Importprobleme: Die 10 schlechtesten eingedeutschten Serientitel
Deutsche Titel von US-Serien können manchmal ziemlich lächerlich sein

Der Titel der Serie ist „Terminator: The Sarah Connor Chronicles“ und hat nix mit Popsternchen zu tun
(c) 2007 FOX
Ob unselige Anhängsel wie „Grey's Anatomy“ oder komplette Verfälschungen wie „Alles Betty“: Wenn es darum geht, englische Serientitel für das deutsche Fernsehen zu übersetzen, kommen die Macher auf selten dämliche Ideen.
1. Wenn im Januar „Terminator: The Sarah Connor Chronicles“ in Deutschland anläuft, dann mit einem gekürzten Titel, was für deutsche Verhältnisse recht ungewöhnlich ist. Aber dazu später mehr. Auf ProSieben wird die Serie jedenfalls als „Terminator: S.C.C.“ laufen. So wolle man vermeiden, dass sich Zuschauer an die ebenfalls beim Sender beheimatete Sängerin Sarah Connor erinnert fühlt. Aha. Wer wegen des neuen Titels statt an das Popsternchen nun doch an Arnold Schwarzenegger denkt, liegt goldrichtig: Die Serie erzählt, was sich zwischen dem zweiten und dem dritten Film der „Terminator“-Reihe ereignet hat.

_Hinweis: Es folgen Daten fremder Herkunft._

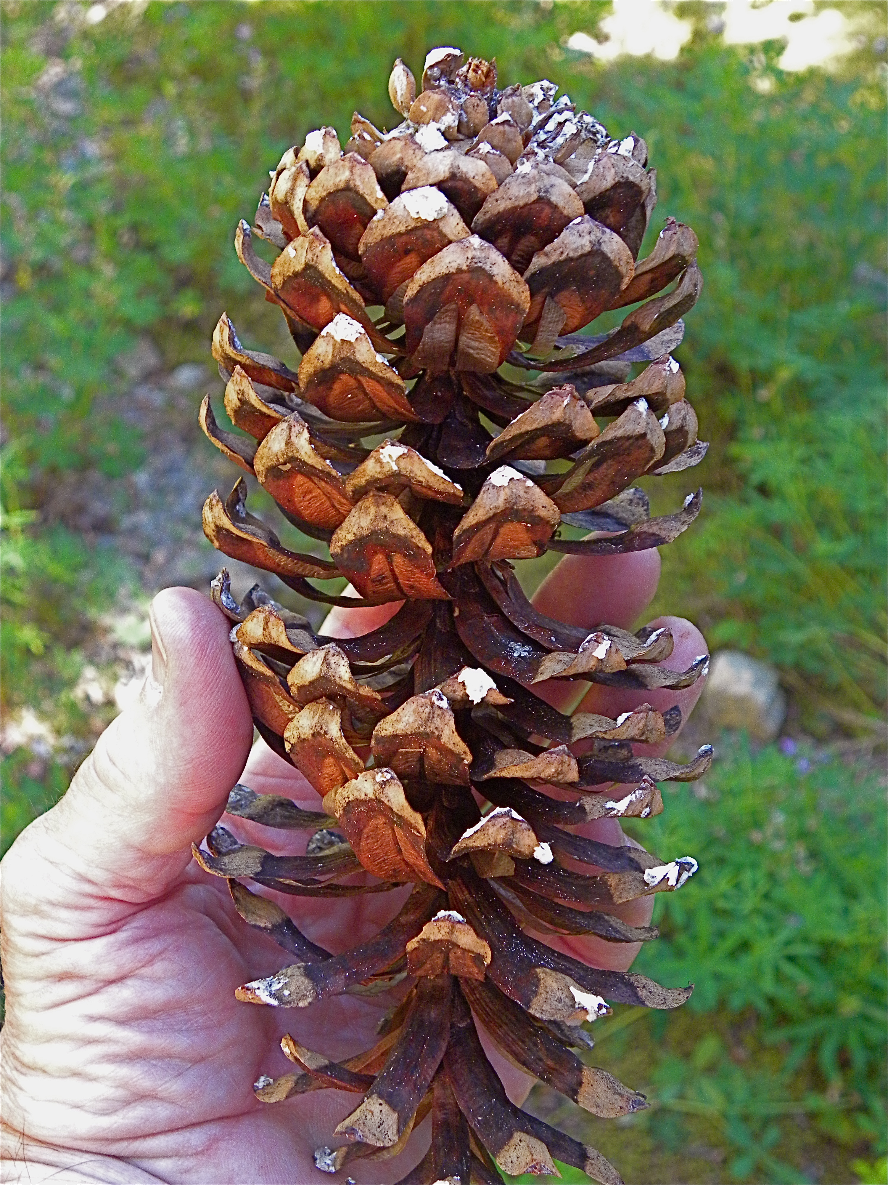 Pinus monticola cone. Scorpion Mt., Wild Sky Wilderness, near Skykomish, Washington, USA.
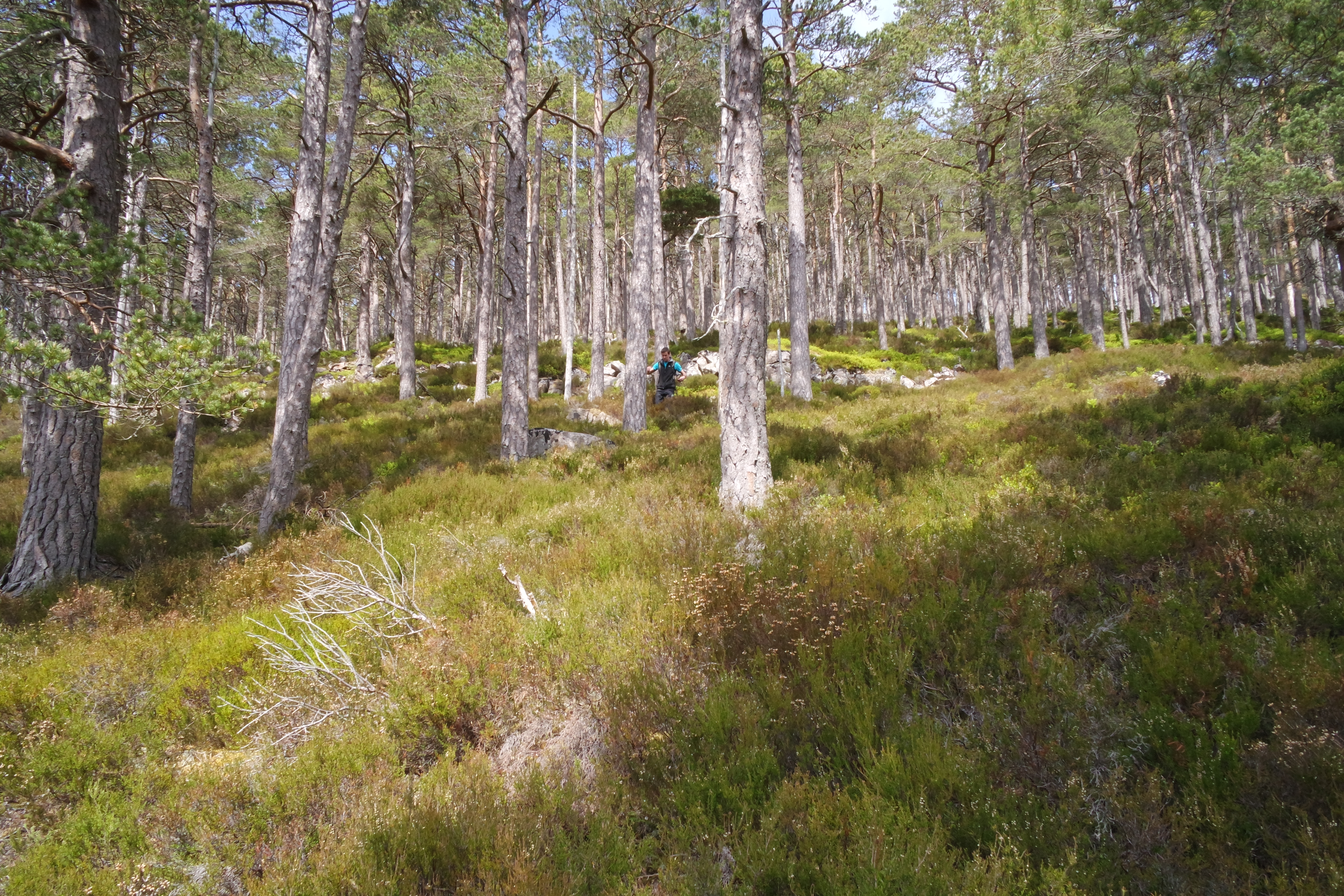 A picture of some woodland at Lagganlia in the Highlands of Scotland.

2. Die Serie „My so-called life“ mit Claire Danes überlebte zwar die erste Staffel nicht, ist aber dennoch bis heute unvergessen - in Deutschland allerdings unter dem Titel „Willkommen im Leben“, der das Lebensgefühl des Teenagers Angela Chase nicht annähernd so gut einfängt wie der Originalname. Ähnlich erging es auch der Serie „Boy meets world“, bei uns als „Das Leben und ich“ zu sehen.
3. In den Achtzigern und Neunzigern war es „Married with children“, die kultige Serie um Al Bundy und Töchterchen Dumpfbacke, die einen merkwürdigen Titel wie „Eine schrecklich nette Familie“ verpasst bekam. Das Pendant der jüngeren Vergangenheit ist die schwarze Familie Kyle aus der US-Serie „My Wife And Kids“. Daraus wurde fürs deutsche Publikum ausgerechnet „What's up dad?“. Dieses Möchtegern-coole Getue erklär mir mal einer.

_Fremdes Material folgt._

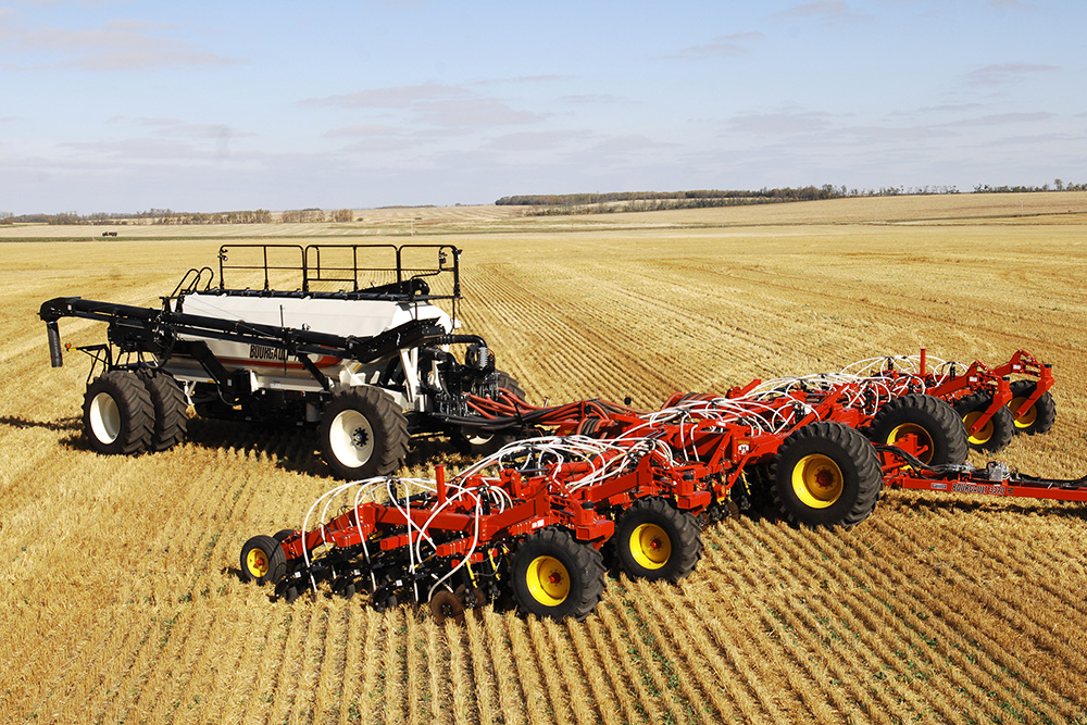 Bourgault 7950 Air Seeder with a Bourgault 3320 QDA Paralink Hoe Drill
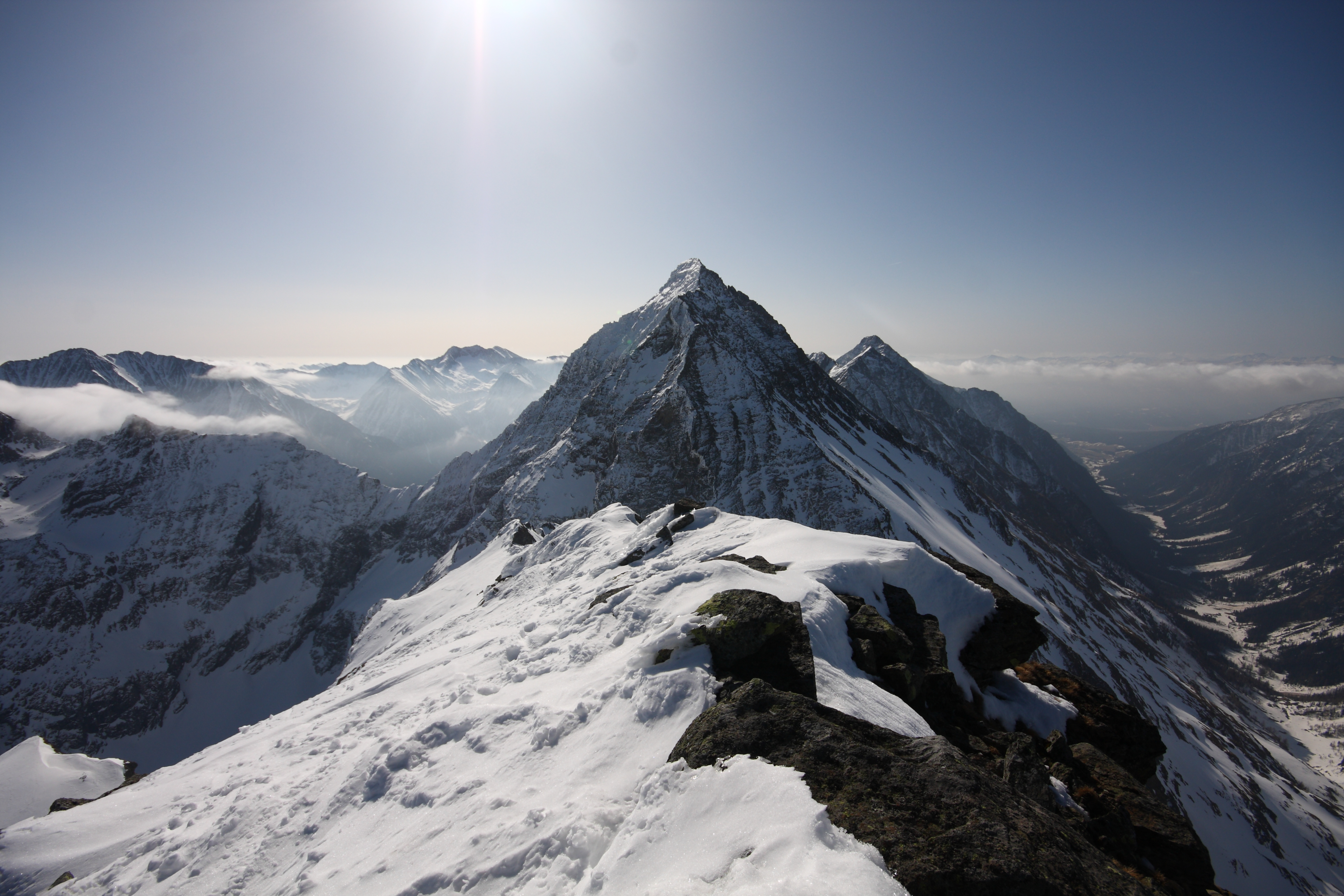 Hochgolling, Styria

4. Familienbezeichnungen im Serientitel sind übrigens nach wie vor sehr beliebt: „8 Simple Rules“ hieß „Meine wilden Töchter“, und aus „Grounded For Life“ wurde „Keine Gnade für Dad“. Letzteres vermutlich deshalb, weil man glaubte, der gemeine Deutsche könne mit dem Ausdruck „to be grounded“ (Hausarrest bekommen) nichts anfangen.
5. Das mangelnde Vertrauen in die Sprachfähigkeiten des deutschen Zuschauers erklärt jedoch nicht, wie die Serie „Three's company“ zu dem selten dämlichen Titel „Herzbube mit zwei Damen“ kam.